» WORK REQUIRED
An exact copy is needed of the lines from the one that contains "公司自研型钢-混凝土组合桥梁" through the final line of the data below, with pictures left out.

» SUPPLIED DATA
##############################

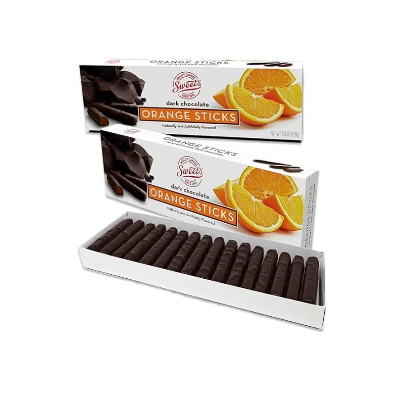 The product is a pack of 2 Sweet's Dark Orange Sticks, a gluten-free dark chocolate assortment with an orange flavor. It comes in a box packaging and has an expiration date of 2026, making it suitable for a party or as a pantry treat. The dark chocolate sticks are a delicious sweet treat perfect for those who enjoy the combination of citrus and chocolate flavors.
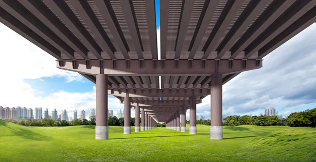 公司自研型钢-混凝土组合桥梁技术采用钢管、钢箱、H型钢梁、波折钢板等型钢与自密实混凝土共同组成新型桥梁结构,极大简化了钢结构加工技术,实现了工厂标准化制造,大幅度降低施工难度,减少施工环境污染。该技术可使全寿命期碳排放量减少≥50%,全面实现了低碳化、智能化、装配化目标。
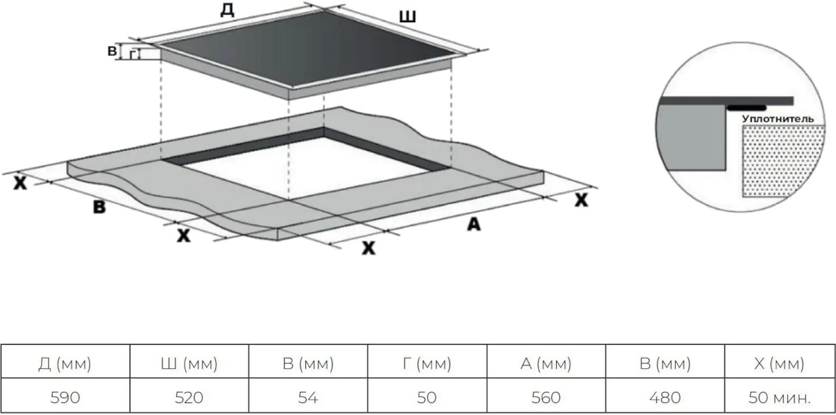 Haier HHK-Y64SCVB - схема встраивания к варочной панели на разных языках на Hausdorf

##############################

» ANSWER TO THE EXERCISE
 公司自研型钢-混凝土组合桥梁技术采用钢管、钢箱、H型钢梁、波折钢板等型钢与自密实混凝土共同组成新型桥梁结构,极大简化了钢结构加工技术,实现了工厂标准化制造,大幅度降低施工难度,减少施工环境污染。该技术可使全寿命期碳排放量减少≥50%,全面实现了低碳化、智能化、装配化目标。
 Haier HHK-Y64SCVB - схема встраивания к варочной панели на разных языках на Hausdorf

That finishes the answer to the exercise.